First California boycotted Arizona over its stupid immigration law. Now its lawmakers are fighting back against the Texas Board of Education's changes to history textbooks — to defend McCarthy-ism, minimise Thomas Jefferson and twist the separation of church and state.

The problem is that the measures of the crackpot conservative Texas Board, headed by Rick Perry appointee Gail Lowe, pictured above, affect other states too — they're such a big market for schoolbooks that the changes they want made will creep into the books other, smaller states have to use to teach their kids. The Washington Post explain what that means kids in Texas, and elsewhere, will now be taught. In school. As history:

What it wanted, for example, was to minimize the legitimate role of the brilliant Thomas Jefferson; improperly explain the meaning and importance to the country's development of the phrase "separation of church and state"; incorrectly say that the McCarthyism of the 1950s was vindicated; require that that the United States be referred to as a "constitutional republic" rather than "democratic," (I'm betting because "democratic" sounds too much like "democrat" to these conservative Republicans); and much more.

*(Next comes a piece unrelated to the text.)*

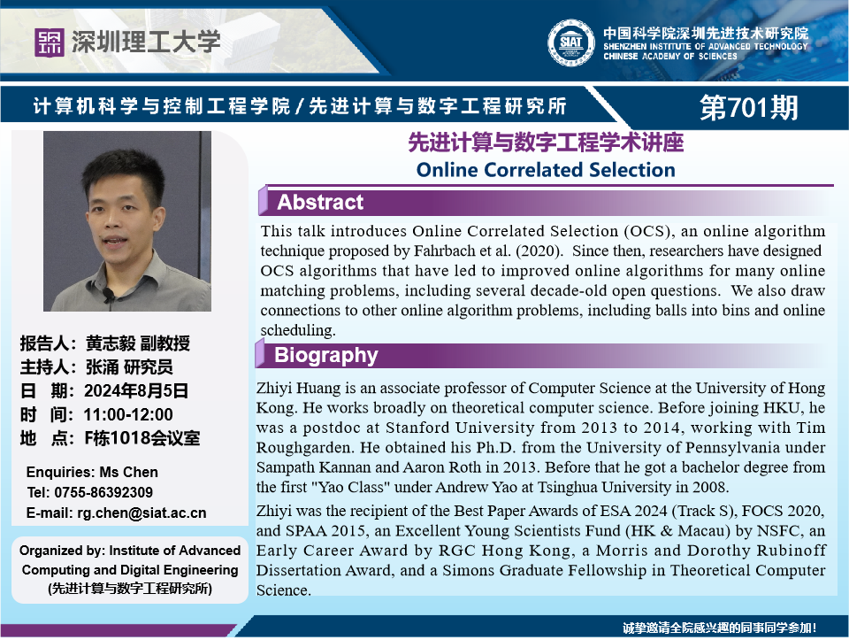 大家好!数字所/计算机学院第701期学术讲座将于8月5日11:00-12:00在F1018会议室举行,本次讲座将邀请香港大学 黄志毅 副教授作题为“Online Correlated Selection”的报告。本次报告将由数字所 张涌 研究员主持,诚挚邀请大家参加、学习和交流!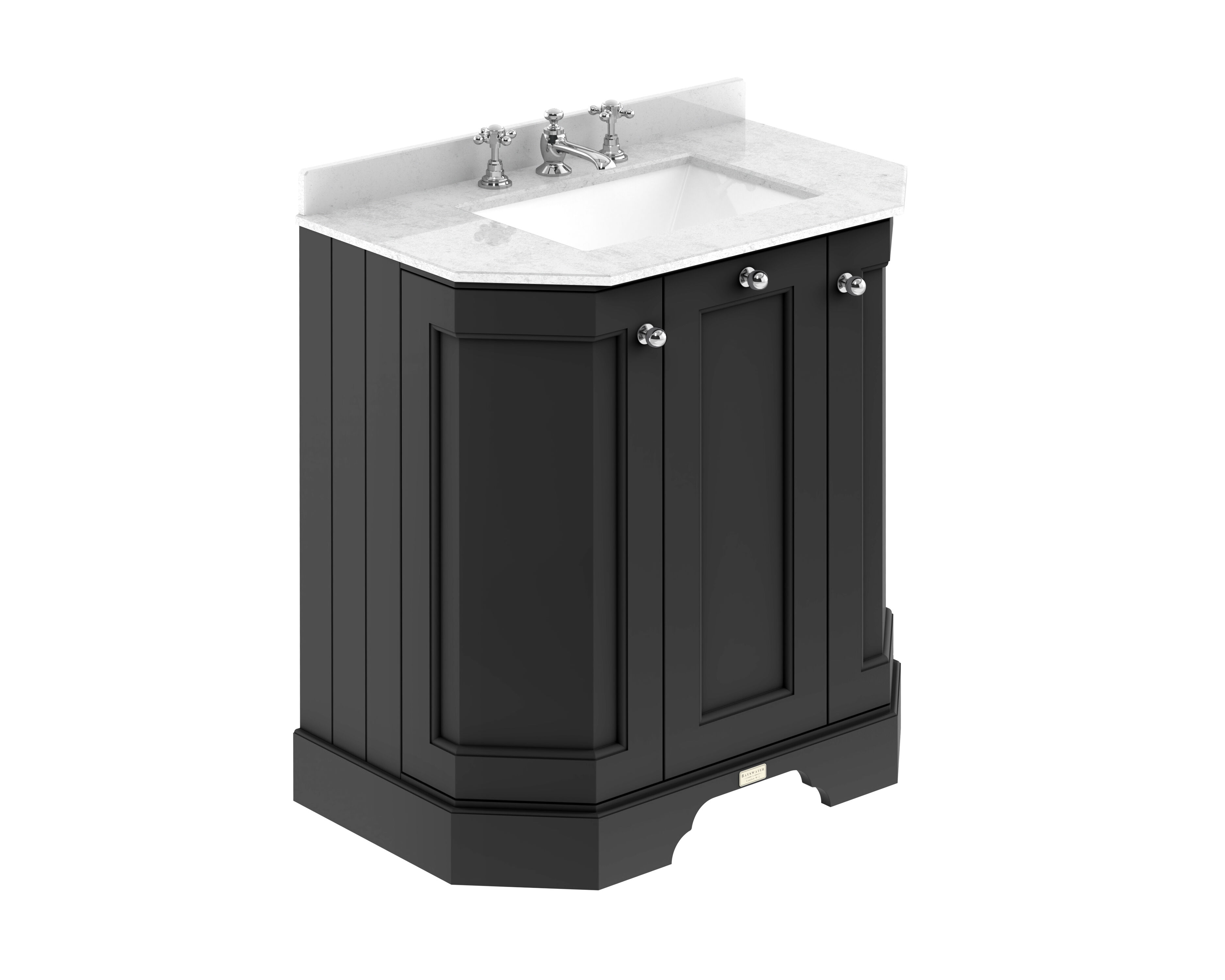Bayswater 750mm 3-Door Angled Cab With 3 Tap Hole White Marble Top Basin - Matt Black

One change that was initially approved but then rescinded, apparently because it was simply too embarrassing even for these people, was to require that the system known as the "slave trade" be known instead as the "Atlantic triangular trade." The fact that it was first approved is more than disturbing.

California, actually, is such a big textbook market itself that it's not really in danger of having such idiocy rammed down the throats of its children. But State Senator Leland Yee has introduced a bill to ensure there can be no overlap anyway. It may be purely symbolic (like the Arizona boycott). But it's better than the face-palm and sigh that most of us resort to when reading about such antics.